▸ **Assignment**: Entries below include pictures. Output exactly the lines from the one with "Olvídate de Netflix" down to the one with "- B 端 UI 設計:全稱", both ends included, and leave the pictures out.

▸ **Given records**:
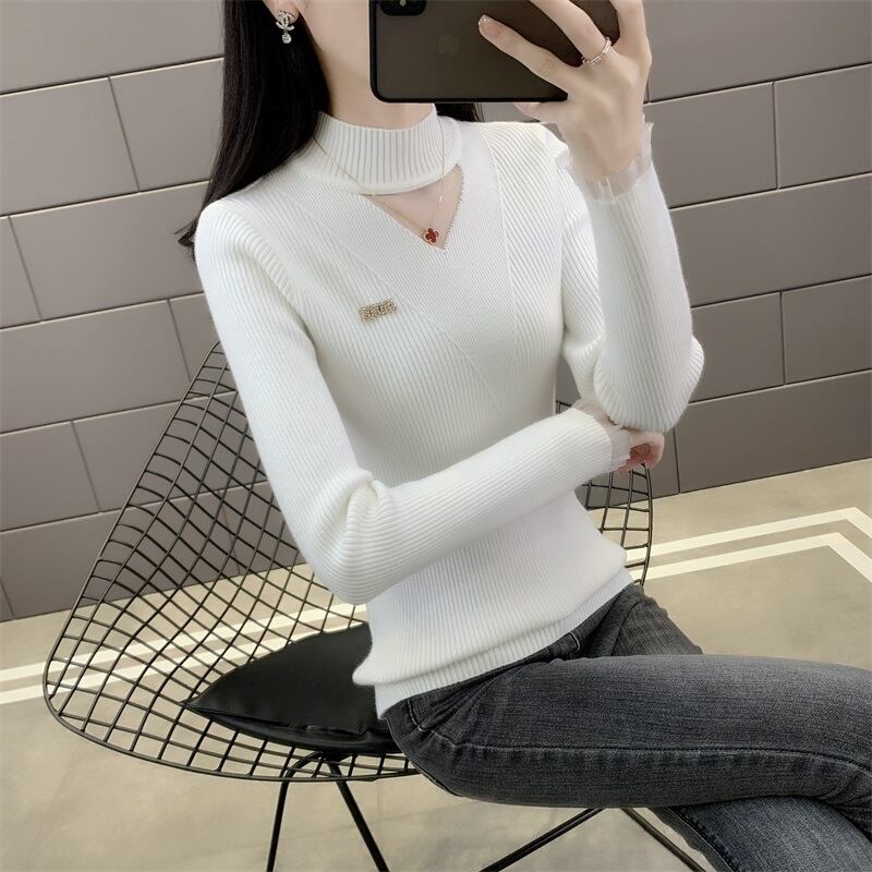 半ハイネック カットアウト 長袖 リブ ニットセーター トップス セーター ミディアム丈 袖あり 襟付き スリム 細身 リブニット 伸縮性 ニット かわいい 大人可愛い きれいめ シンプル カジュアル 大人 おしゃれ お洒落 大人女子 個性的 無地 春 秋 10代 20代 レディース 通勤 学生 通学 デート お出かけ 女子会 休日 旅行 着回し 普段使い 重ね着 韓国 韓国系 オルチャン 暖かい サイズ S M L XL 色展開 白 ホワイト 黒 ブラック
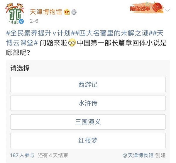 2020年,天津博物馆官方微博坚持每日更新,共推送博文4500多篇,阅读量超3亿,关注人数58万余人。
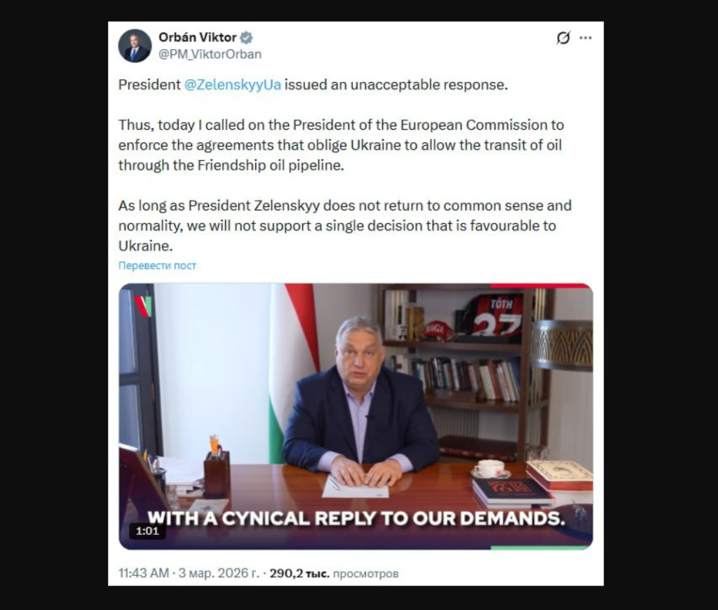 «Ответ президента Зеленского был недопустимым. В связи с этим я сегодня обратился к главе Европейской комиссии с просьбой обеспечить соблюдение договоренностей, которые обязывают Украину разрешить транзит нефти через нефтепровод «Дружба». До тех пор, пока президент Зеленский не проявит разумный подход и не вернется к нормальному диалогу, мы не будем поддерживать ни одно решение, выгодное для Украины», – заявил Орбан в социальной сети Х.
...
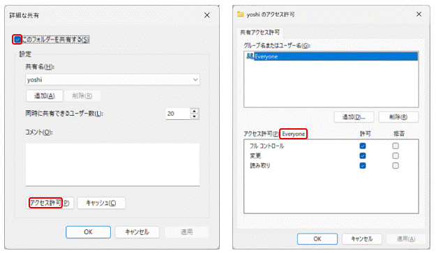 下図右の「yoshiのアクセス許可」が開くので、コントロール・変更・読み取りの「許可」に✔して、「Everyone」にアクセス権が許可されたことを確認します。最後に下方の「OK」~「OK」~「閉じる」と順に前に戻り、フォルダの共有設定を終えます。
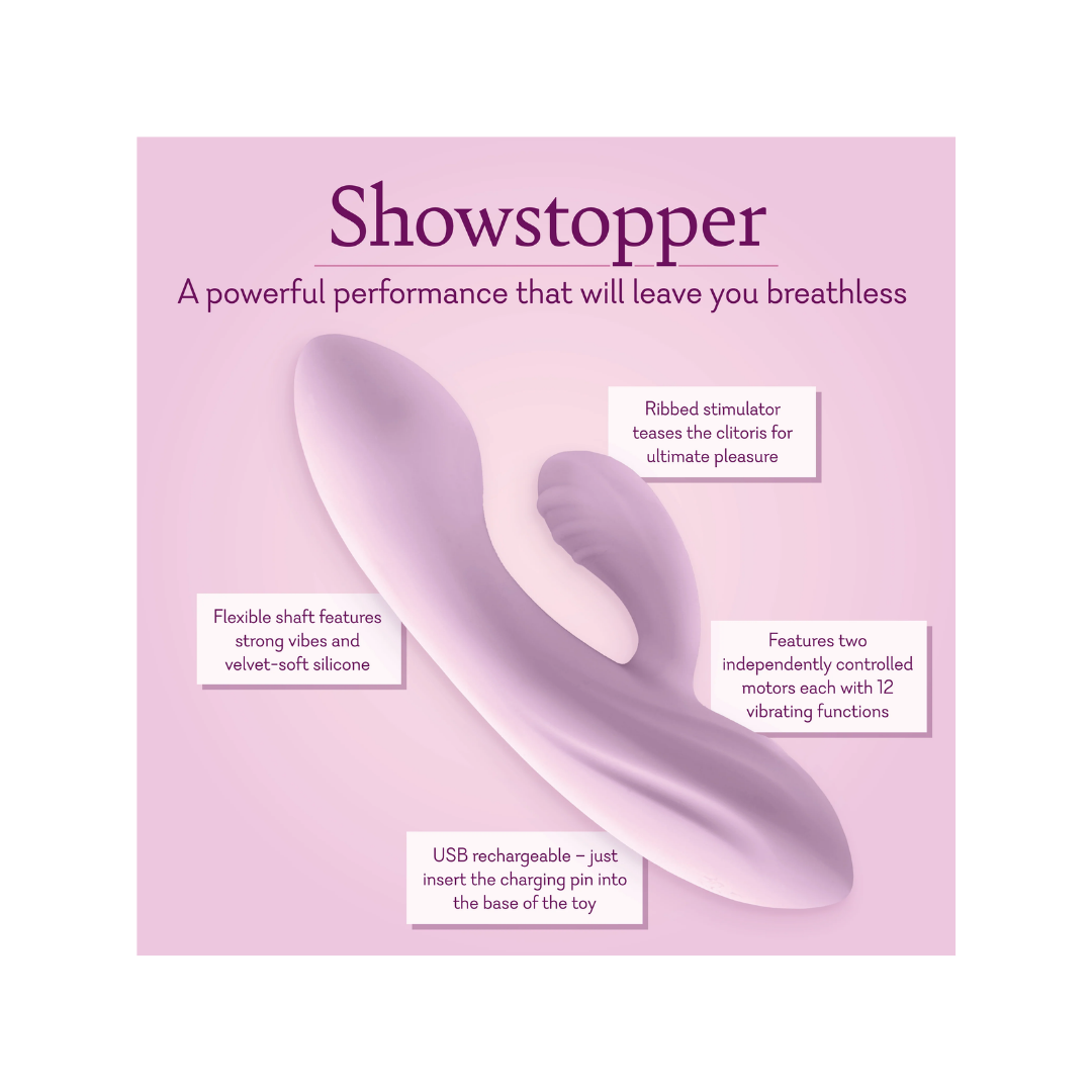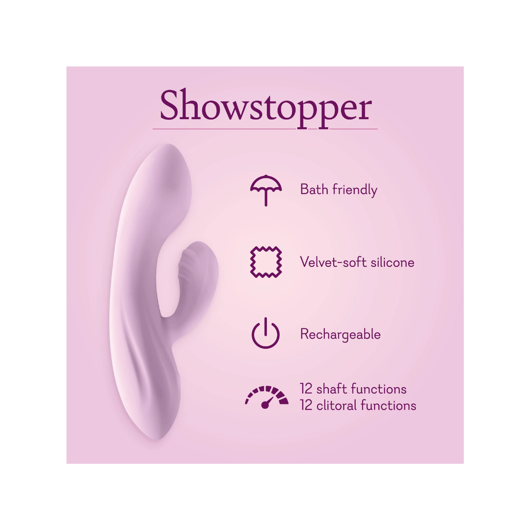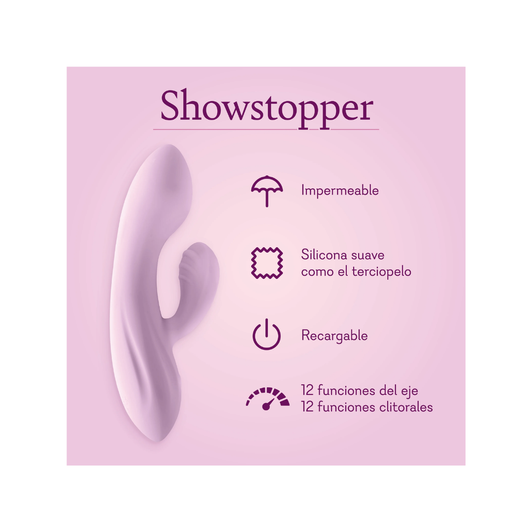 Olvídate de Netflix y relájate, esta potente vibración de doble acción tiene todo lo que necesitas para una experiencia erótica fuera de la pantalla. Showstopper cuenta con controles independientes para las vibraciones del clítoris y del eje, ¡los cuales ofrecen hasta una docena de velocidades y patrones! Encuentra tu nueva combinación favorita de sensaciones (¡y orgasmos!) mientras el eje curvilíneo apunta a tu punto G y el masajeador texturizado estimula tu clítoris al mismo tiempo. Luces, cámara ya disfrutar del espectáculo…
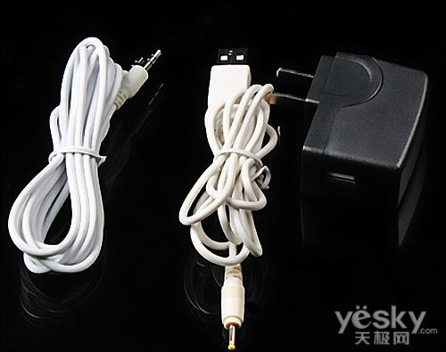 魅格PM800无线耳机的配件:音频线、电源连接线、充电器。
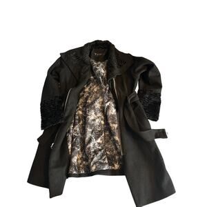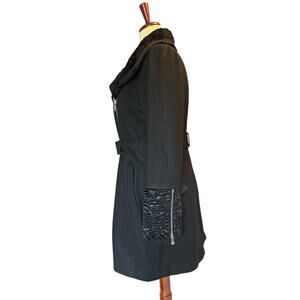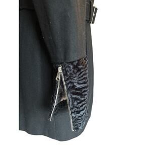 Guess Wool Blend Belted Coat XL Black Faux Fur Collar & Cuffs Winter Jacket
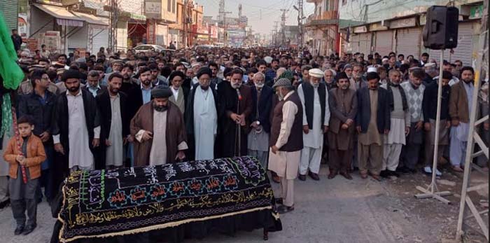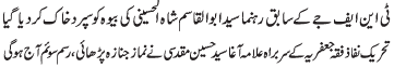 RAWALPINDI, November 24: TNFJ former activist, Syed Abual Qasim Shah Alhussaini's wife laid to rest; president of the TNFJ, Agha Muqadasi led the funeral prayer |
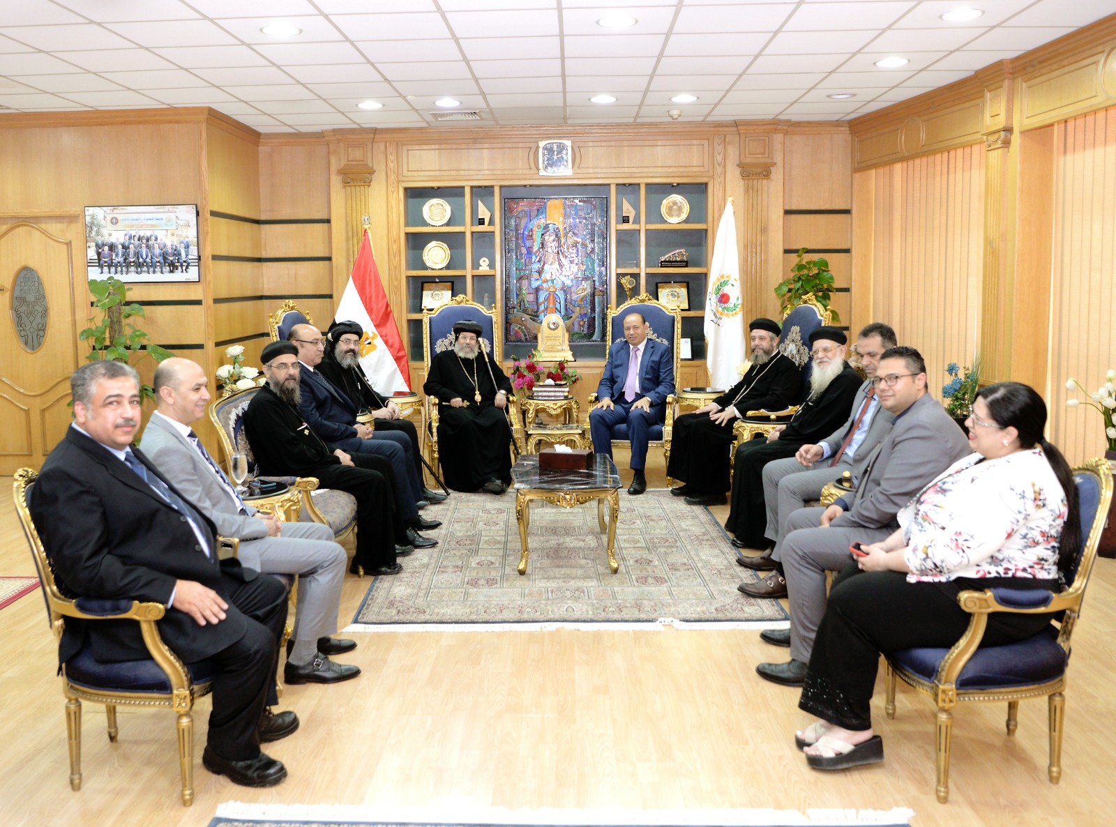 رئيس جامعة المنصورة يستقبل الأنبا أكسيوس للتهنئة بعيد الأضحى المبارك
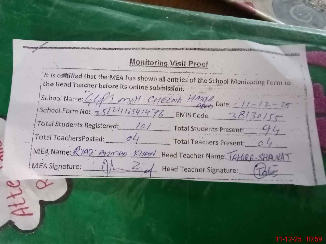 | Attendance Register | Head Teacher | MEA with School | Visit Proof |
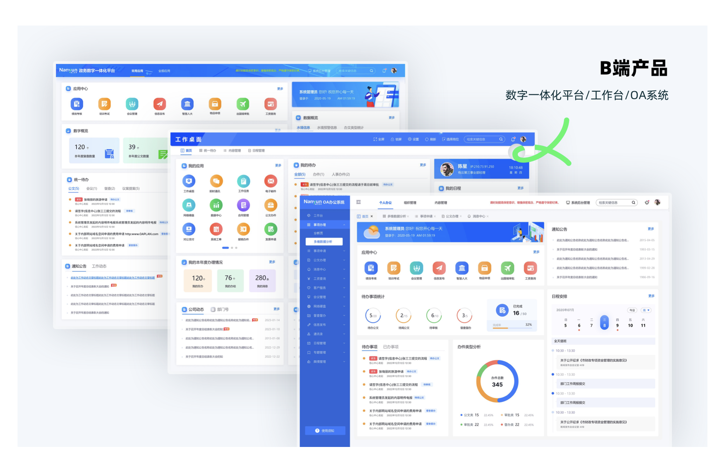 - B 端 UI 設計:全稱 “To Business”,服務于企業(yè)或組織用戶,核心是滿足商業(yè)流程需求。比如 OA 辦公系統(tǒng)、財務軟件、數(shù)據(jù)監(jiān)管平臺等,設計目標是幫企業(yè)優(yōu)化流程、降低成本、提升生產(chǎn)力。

▸ **Problem solution**:
 Olvídate de Netflix y relájate, esta potente vibración de doble acción tiene todo lo que necesitas para una experiencia erótica fuera de la pantalla. Showstopper cuenta con controles independientes para las vibraciones del clítoris y del eje, ¡los cuales ofrecen hasta una docena de velocidades y patrones! Encuentra tu nueva combinación favorita de sensaciones (¡y orgasmos!) mientras el eje curvilíneo apunta a tu punto G y el masajeador texturizado estimula tu clítoris al mismo tiempo. Luces, cámara ya disfrutar del espectáculo…
 魅格PM800无线耳机的配件:音频线、电源连接线、充电器。
 Guess Wool Blend Belted Coat XL Black Faux Fur Collar & Cuffs Winter Jacket
 RAWALPINDI, November 24: TNFJ former activist, Syed Abual Qasim Shah Alhussaini's wife laid to rest; president of the TNFJ, Agha Muqadasi led the funeral prayer |
 رئيس جامعة المنصورة يستقبل الأنبا أكسيوس للتهنئة بعيد الأضحى المبارك
 | Attendance Register | Head Teacher | MEA with School | Visit Proof |
 - B 端 UI 設計:全稱 “To Business”,服務于企業(yè)或組織用戶,核心是滿足商業(yè)流程需求。比如 OA 辦公系統(tǒng)、財務軟件、數(shù)據(jù)監(jiān)管平臺等,設計目標是幫企業(yè)優(yōu)化流程、降低成本、提升生產(chǎn)力。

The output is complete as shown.